# North Carolina



## paparocks (Mar 14, 2013)

Please introduce yourself to your NC community.
what region you're from
a small bio
If you are using mj for medical or recreational purposes.

This thread has been created as an activist hub as well as a meeting place. I would like to encourage all of it's readers to become active in the pursuit of the end of prohibition.
The medicinal uses for cannabis need to be spread,
Thanks Papa


----------



## lugnutsnugout (Mar 24, 2013)

Hi there! I'm from eastern nc and am fairly new to gardening. I use cannabis receationally but am very inetested in its medical uses and benefits. I have friends who suffer from cancer and are literally ashamed to admit that they use cannabis to help relieve their suffering. This is due to all of the negative connotations surrounding this marvelous plant. In any case I'm interested in learning as much as I can in order to produce a fine quality product for myself and those who I can help. Not selling weed. I am also intested in learning different ways to extract the thc efficiently without having to burn it. (One of my moms friends doesn't like the idea of smoking it and she really needs to stimulate her appetite). Anyway, I'm tired of the negative connotations and the intimidation from law officials ect ect ect. I say it should be legalized for its medical benefits if nothing else. Wake up north carolina! Its 2013


----------



## patriot1776 (Mar 28, 2013)

I'm in blacksburg sc and am looking for volenteers to get a medicinal movment going here, if you want something done, do it yourself.

anyone there intrested ? let me know.

i'm thinking about getting a gang togeather to go to the capitals of nc and sc and protest and demand medicinal pot so we can medicate without swat teams kicking down our doors, killing our dogs and takeing us and all our stuff.

how long are we going to sit back and wait for someone else to do it.

well, i am someone else, i'm starting it, i need some help and people who do this to get on board.


----------



## phishtank (Mar 28, 2013)

NC is a tobacco state...so I don't see it being legalized medically or recreationally for a while. I'd love to see it legalized...so I wouldn't be forced to leave NC and move to california to do what I enjoy...but welcome to the south. If only we could find a way to re-write the bible and put cannabis use in it.


----------



## DonPepe (Mar 28, 2013)

phishtank said:


> NC is a tobacco state...so I don't see it being legalized medically or recreationally for a while. I'd love to see it legalized...so I wouldn't be forced to leave NC and move to california to do what I enjoy...but welcome to the south. If only we could find a way to re-write the bible and put cannabis use in it.


It certainly would help if the Bible said to smoke it, but you can't exactly blame the prohibition on the Bible. You can blame the Bible for teaching people not to do bad things, but it was the government that brainwashed America into labeling cannabis bad, not the Bible.


----------



## phishtank (Mar 28, 2013)

DonPepe said:


> It certainly would help if the Bible said to smoke it, but you can't exactly blame the prohibition on the Bible.
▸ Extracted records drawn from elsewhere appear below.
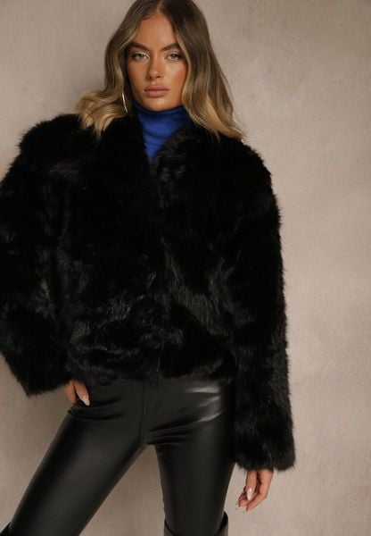 Czarna Futerkowa Kurtka Dwurzędowa z Szerokim Kołnierzem Fesandrea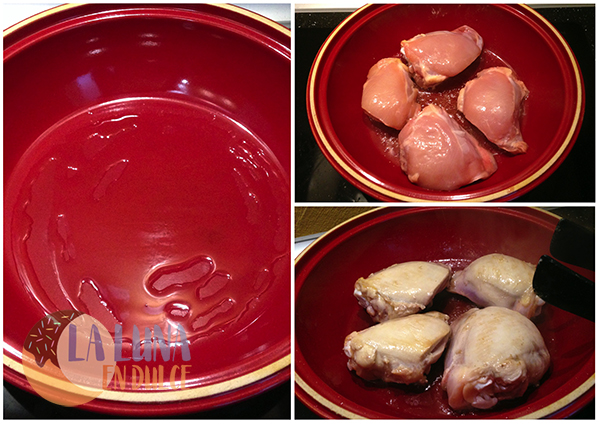 2. Salpimentar el pollo y freír hasta que empiece a dorarse. Retirar y reservar.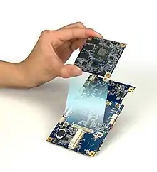 The prototype boards shown to date include a x86-compliant 1 GHz VIA C7-M processor, 256 or 512 megabytes of RAM, a modified version of the VIA CX700 chipset (called the CX700S),[3] an interface for a cellular radio module (demonstration boards contain a CDMA radio), a DC-DC electrical converter, and various connecting interfaces.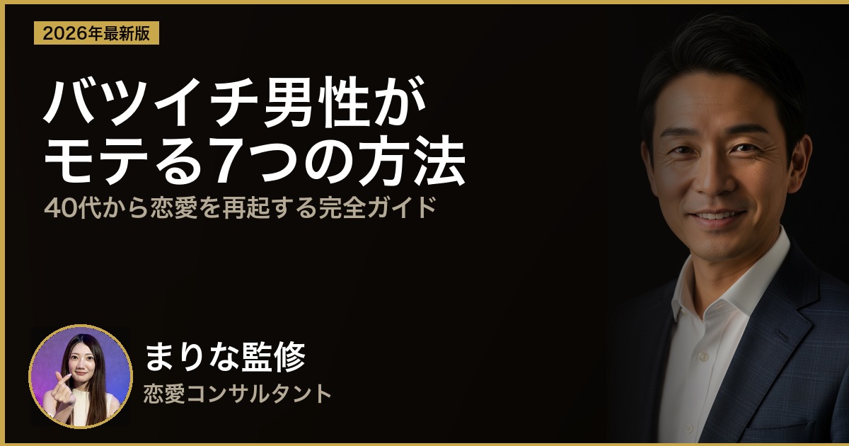 40代・50代バツイチ男性専門の恋愛コンサルタント。Men’s Restart Lab を監修。離婚後の恋愛再起・再婚をサポートしてきた実績多数。得意分野:マッチングアプリ最適化、外見改善、自己肯定感の回復支援。
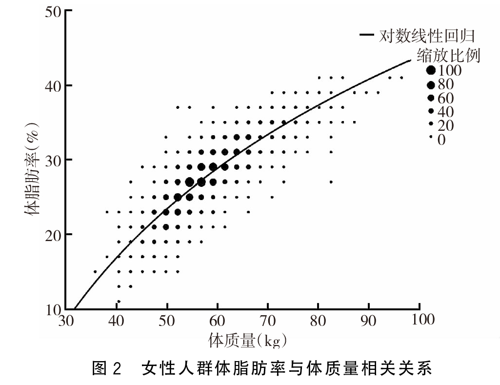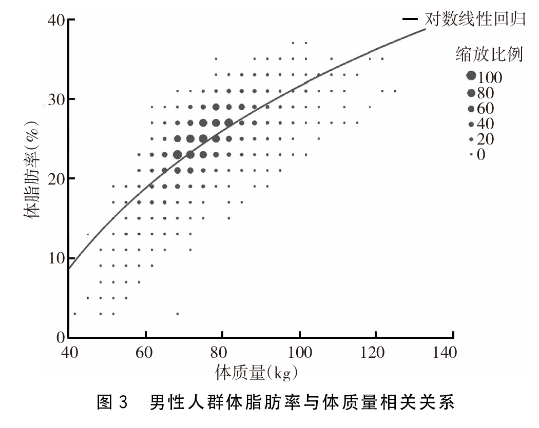 本次调查结果显示,体脂肪率与身高、体质量以及年龄之间存在线性关系。并且,不同性别其线性关系也不尽相同。体脂肪率与身高、体质量以及年龄之间的关系:与BMI相同,体脂肪率与身高存在着负相关的关系,而与体质量存在着正相关的关系。但是,与BMI不同的是体脂肪率与体质量之间的关系为对数线性关系。研究显示,体脂肪率与年龄之间也存在着正相关关系,即在同等的条件下,年龄越大则体脂肪率可能越大,但是与身高体质量相比,其影响相对比较小。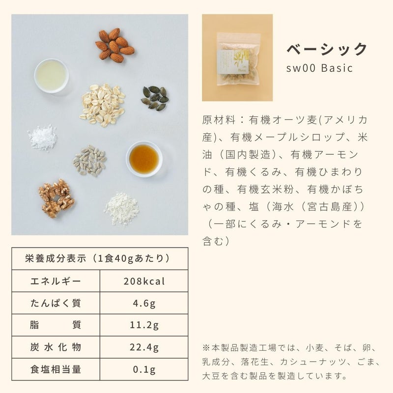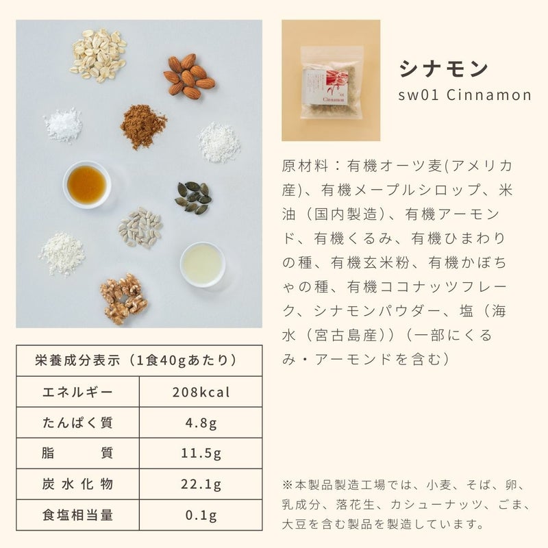 原材材料:有機オーツ麦(アメリカ産)、有機メープルシロップ、米油(国内製造)、有機アーモンド、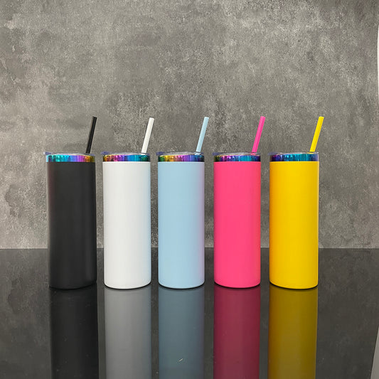 To Canada Powder Coated 20oz Rainbow Plated Skinny Straight Tumbler For Laser -CNLCA

You can blame the Bible for teaching people not to do bad things, but it was the government that brainwashed America into labeling cannabis bad, not the Bible.


Yeah for sure. Thanks to all of the industries that spent millions to make marijuana prohibition happen.


----------



## patriot1776 (Mar 28, 2013)

well you guys need to re-read the bible because it is in there, go to pot tv that have a whole video on it.

nc is kicking it around in comitee rght now, sc has introduced a bill in the past but i lack public support

we are the public, it's the squeaky wheel that gets the oil, not the quiet ones.

but you guys seem beat to me, have fun in california, what a cess pool of filth.


----------



## patriot1776 (Mar 28, 2013)

I'm looking for people with a can do attitude, how do you think the other states got it ?

not from people who never tried ?

no, instead they tried and did it.

i dont mind trying and failing..

IT'S BETTER TO FAIL ON THE DOORSTEP OF VICTORY THEN TO HAVE NEVER TRIED AT ALL - GEORGE PATTON.

we have 18 states worth of statistics to prove the children wont be laying in the gutters with pot ozzing out their noses.

we have the revenue aspect, the hemp aspect to stimulate these dead bankrupt cotton towns.

i have never failed at anything I have ever done.

in 86 i took down my entire howe town police dept ( AURORA OHIO) and got the FBi to arrest them, for running a prostitution ring and subsequent cover up when i reported them.

I GOT A SGT ON THE POLICE DEPT ARRESTED AND SUSPENDED FOR NOT TURNING IN TAPES AND PICTURES I HAD.
I GOT THE SHERIFF/SAFETY DIRECTOR/COUNCILMAN AT LARGE ARRESTED FOR LEADING THE PROSTITUTION RING.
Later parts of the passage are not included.